Pa. lawmakers promise to ‘support, obey, and defend’ constitutions

     Members of the Pennsylvania General Assembly are sworn in Tuesday at the state Capitol in Harrisburg. Republicans who control both the Senate and House picked up additional seats in the November election. (AP Photo/Matt Rourke)

    Members of the Pennsylvania General Assembly are sworn in Tuesday at the state Capitol in Harrisburg. Republicans who control both the Senate and House picked up additional seats in the November election. (AP Photo/Matt Rourke)

    Pennsylvania House members and half the state Senate took their oaths of office Tuesday and elected their top leaders for each chamber.

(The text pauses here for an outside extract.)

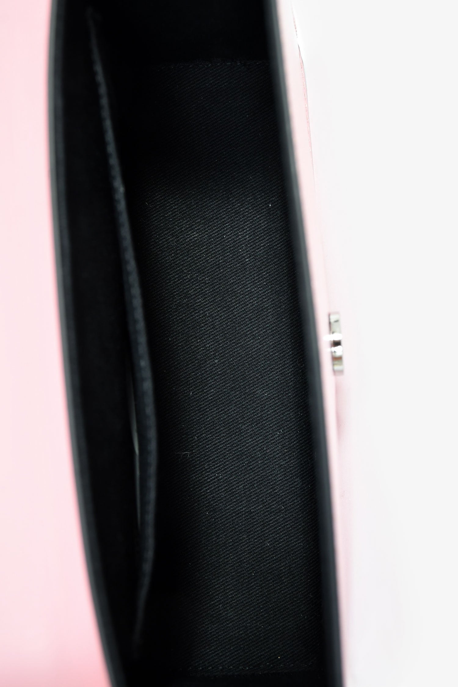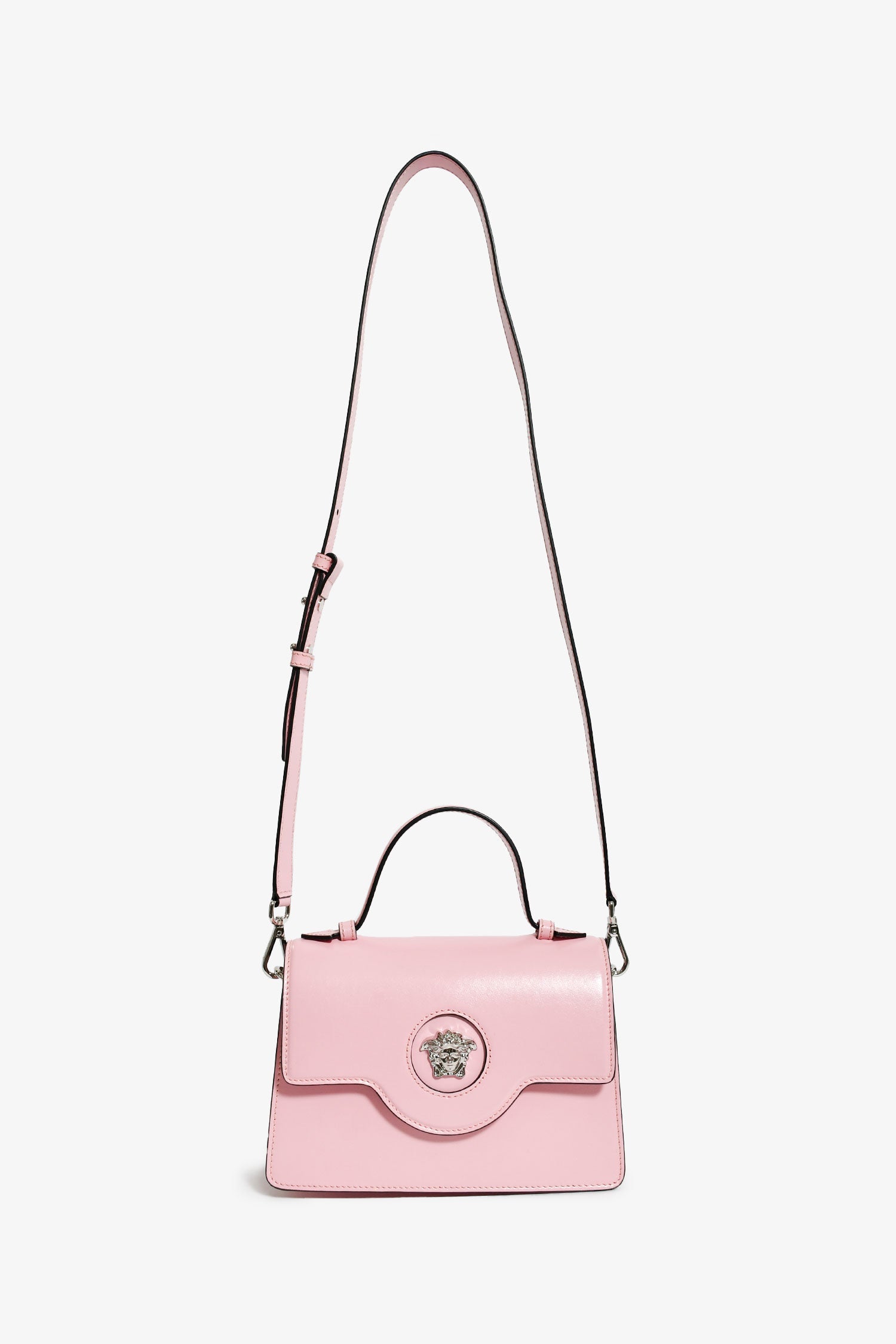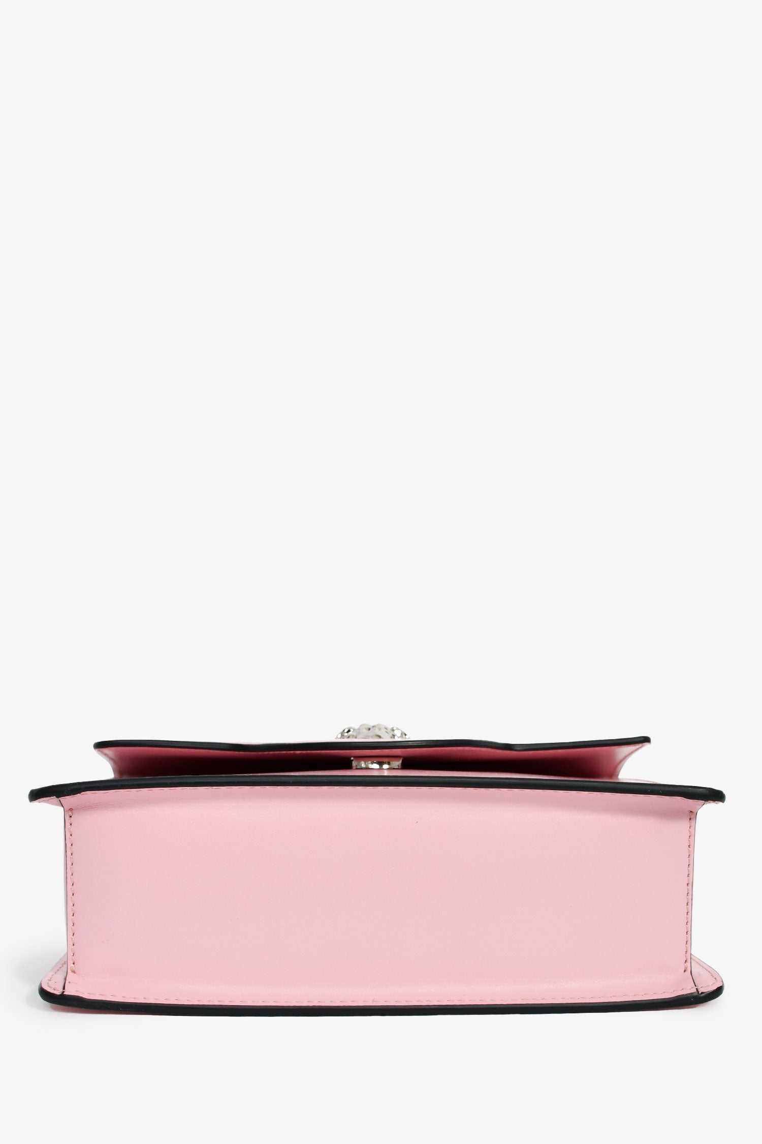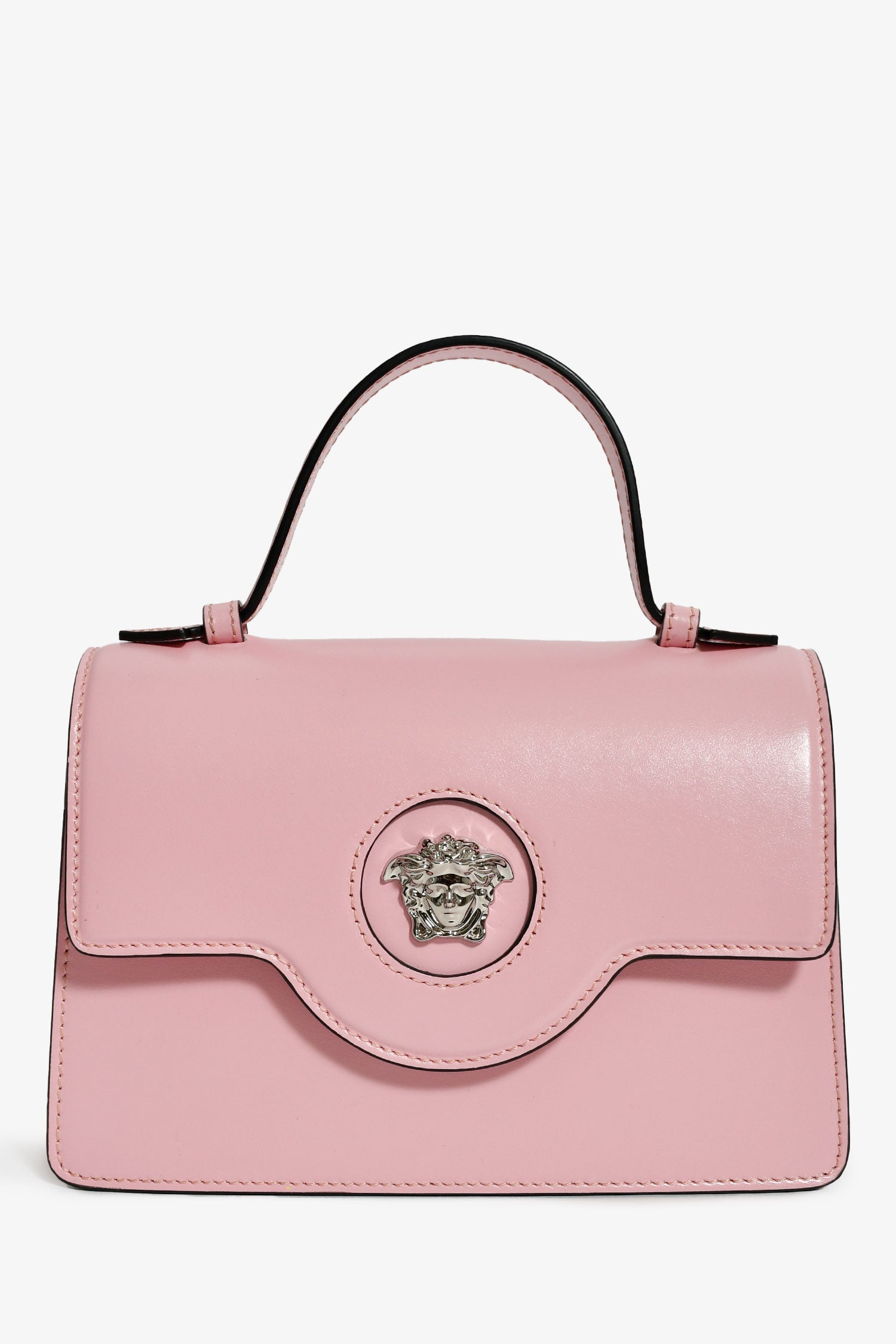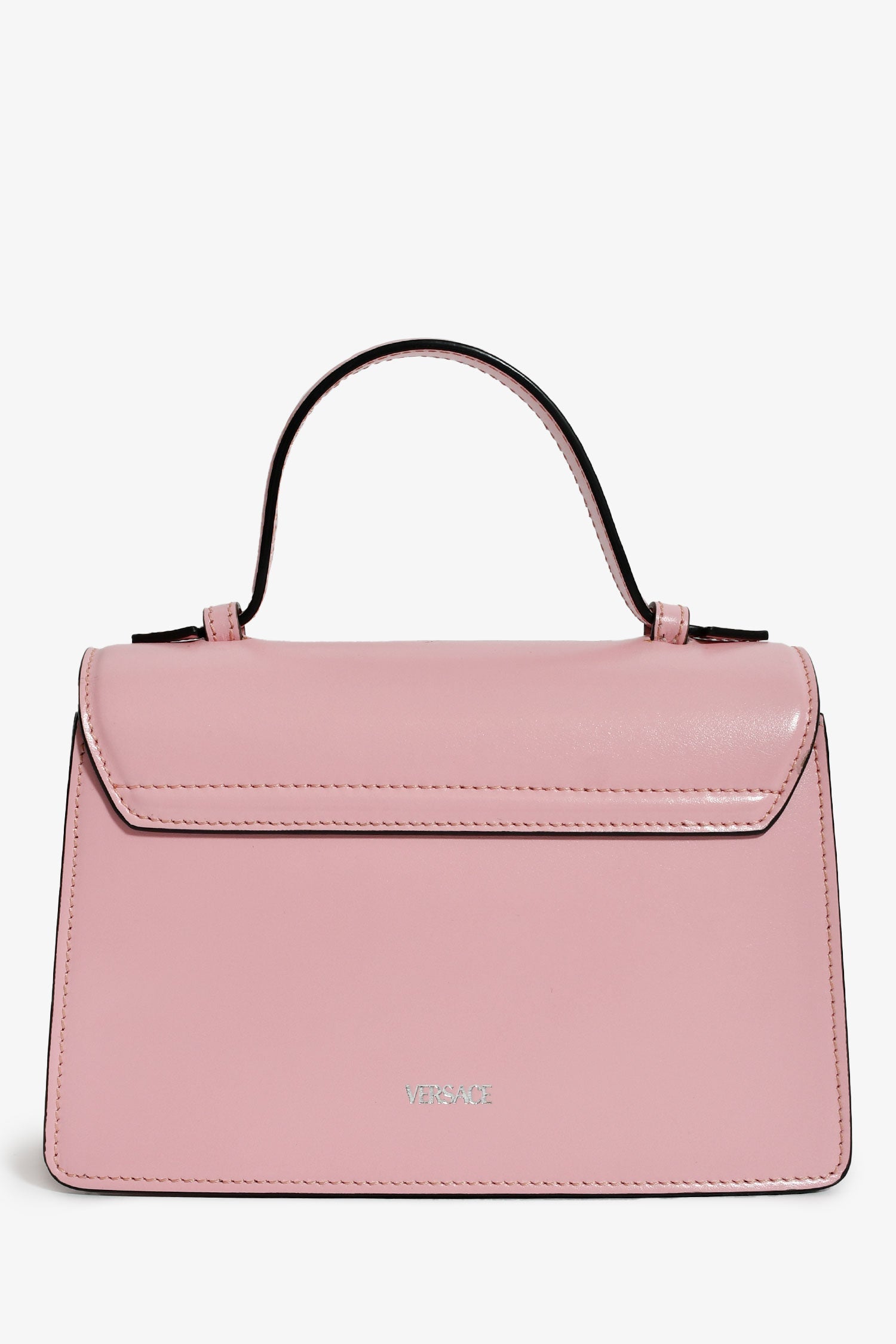 Versace Pink Leather Medusa Top Handle. Fold-over flap with a snap closure. Single top handle. Adjustable crossbody strap. Textile lined interior with 1 wall slot. Silver-tone hardware. Tonal stitching.

    “Do you solemnly swear that you will support, obey, and defend the Constitution of the United States and the Constitution of this commonwealth, and that you will discharge the duties of your office with fidelity?” said Pennsylvania Superior Court Judge Judith Olson, who administered the oath to House members. “If so, say I do.”

    As newly elected Rep. Cris Dush, R-Jefferson, prepared his desk on the House floor for the first time, he called the experience “humbling.”

    “It’s a tremendous responsibility for 62,000 people who are relying on you to make sure the state does them no harm, and that we do things to help improve their lives and livelihoods,” said Dush.

    House and Senate leaders vowed to take a bipartisan approach, even with the GOP’s gains in both chambers. Republicans control the House 119 seats to 84. They hold the Senate 30 seats to 20.

    Gov.-elect Tom Wolf will be sworn in to office Jan. 20.